Does deblur parameter introduce bias?

I had two samples, each sample are illumina pair-end sequenced. I imported them and joined the pair-end sequence with
qiime vsearch join-pairs --i-demultiplexed-seqs demux.qza --o-joined-sequences demux-joined.qza
then put the .qza to .qzv
demux-joined.qzv (286.5 KB)
then, I did the quality filtering,
qiime quality-filter q-score-joined --i-demux demux-joined.qza --o-filtered-sequences demux-joined-filtered.qza --o-filter-stats demux-joined-filtered-stats.qza
then, I did the deblur step. According to the demux-joined.qzv, I trimmed them at length of 400. I tried three set of parameters, each is:
--p-min-reads 10 --p-min-size 2 (default parameter)
--p-min-reads 0 --p-min-size 0 (I did this because I do not want to delete any low-count sequence)
--p-min-reads 1 --p-min-size 2 (Thanks to @wasade , change to --p-min-size to 2 may be better than 0)
The outcome are:
deblur-stats400-default.qzv (191.7 KB)

deblur-stats400-00.qzv (191.7 KB)

deblur-stats400-12.qzv (191.7 KB)

The thing goes weird as shown in deblur-stats400-00.qzv. In the sample SRR1460604, none of the sequences passed the positive filter, which seems impossible. In deblur-stats400-default.qzv, even if low-count sequence is deleted, there is still some sequence passed the positive filter. Why?

In the third .qzv file, it seems everything went smoothly....I think if I want to retain the low-count sequence, set the parameter to --p-min-reads 1 --p-min-size 2 will be better. But solve this problem may make me settled...

Hi @wym199633, to be honest, I’m not sure if using a value of 0 for --p-min-size is even valid? It is accurate that changing parameters will change the results.
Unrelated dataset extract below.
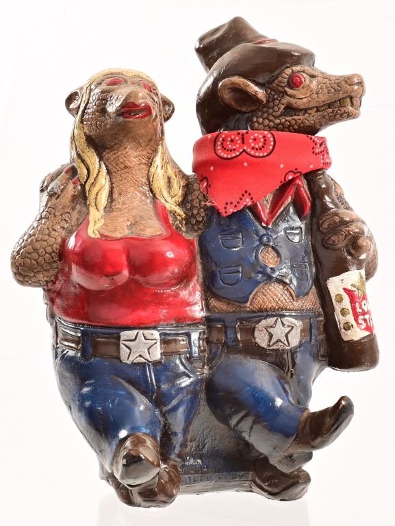 Lone Star Beer Armadillo Couple chalkware statue. This Statue is 8" inches tall, signed "Deep Flex".

In this case, if low count sequences are important for your study design and question, then I think that setting --p-min-reads to 1 makes sense.


It seems that change the value of --p-min-size can make a chaos but don’t know why… But in this post what doubt me most is when change both two parameter to 0, one sample have no result :laughing:
I hope someone can explain this…
If --p-min-size must set to 2 (in order to let it run smoothly), that’s ok to delete one-count sequences in each sample (reluctantly…

--p-min-size affects what sequences are considered during the execution of Deblur which implicitly impacts singletons as Deblur is subtractive. --p-min-reads filters low abundant sequences after the execution of Deblur. It may make sense to look at the algorithm which can be found in a mathematical and pseudocode form in text S1 of Amir et al.


Great! Thanks for explanation!


This topic was automatically closed 31 days after the last reply. New replies are no longer allowed.